Wynn spent parts of two years with the Cleveland Browns. 2015 was spent on and off the practice squad, and the following season saw Wynn placed on injured reserve prior to preseason play, before being released.

===Toronto Argonauts===
As a rookie playing for the Toronto Argonauts during the 2017 CFL season, Wynn made 34 tackles and 6 sacks. After receiving consideration for the CFL's Most Outstanding Rookie Award Wynn was named an Eastern All-Star. He was one of three Argos defensive linemen to be named an Eastern All-Star, alongside Cleyon Laing and Victor Butler. Rookie of the Year would eventually go to Wynn's teammate, running back James Wilder Jr. Wynn and the Argonauts finished in 1st place for the CFL East, and went on to win the 105th Grey Cup championship over the Calgary Stampeders 27–24. Wynn had a challenging 2018 season, missing several games with injury and being suspended for one game for a spearing penalty on Edmonton running back C. J. Gable during a week 5 loss. In 11 games, Wynn finished with 30 tackles and 2 sacks.

===Arizona Hotshots===
When Wynn became a free agent in the CFL on February 12, 2019, he received numerous offers but elected to sign with the Arizona Hotshots of the AAF on February 19. The startup developmental league was in its third week of play at the time of Wynn's signing, with 8 weeks of regular season play remaining. However, the AAF suspended operations after week 8; Wynn was credited with 5 tackles during his time with the league.

===Hamilton Tiger-Cats===
Wynn signed with the Hamilton Tiger-Cats of the CFL on May 8, 2019. Wynn was part of a ferocious defensive line, putting up career highs; Wynn played in all 18 games, made 44 tackles, and 11 sacks, including a 3 sack performance against the BC Lions in Week 11; his sack dance was a fan favorite throughout the season. Wynn was named a top performer for the month of August, and returned to the divisional All-Star list.

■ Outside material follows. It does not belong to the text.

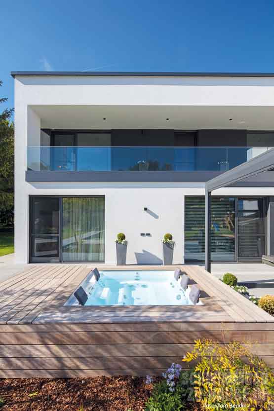 Nur wenige Schritte vom Haus entfernt, quasi als Bindeglied zwischen Gebäude und Schwimmbad, wurde der neue Whirlpool platziert. Im „Strato 2.3“ genießt die Familie entspannende Massagen für die kostbare Auszeit vom Alltag. Da die Hausherren ihre Zeit lieber im Wasser als mit dessen Pflege verbringen wollten, haben sie sich für das komplette Pool-Manager-System von Bayrol entschieden. „Im Prinzip müssen wir nur alle paar Wochen mal den Chlorkanister wechseln oder hier und da das Sieb am Skimmer kontrollieren“, erzählt der Hausherr im Gespräch mit haus und wellness*. Monatlicher Zeitaufwand? „Vielleicht fünf Minuten!“ So bleibt trotz Familie und Beruf noch genügend Zeit für ausgiebigen Urlaub zu Hause.

Wynn became a free agent upon the expiry of his contract on February 13, 2024.

===Montreal Alouettes===
On February 14, 2024, it was announced that Wynn had signed with the Montreal Alouettes. His contract expired on February 10, 2026.

===Ottawa Redblacks===
On February 10, 2026, it was announced that Wynn had signed with the Ottawa Redblacks. He was released on May 30 as part of final roster cuts.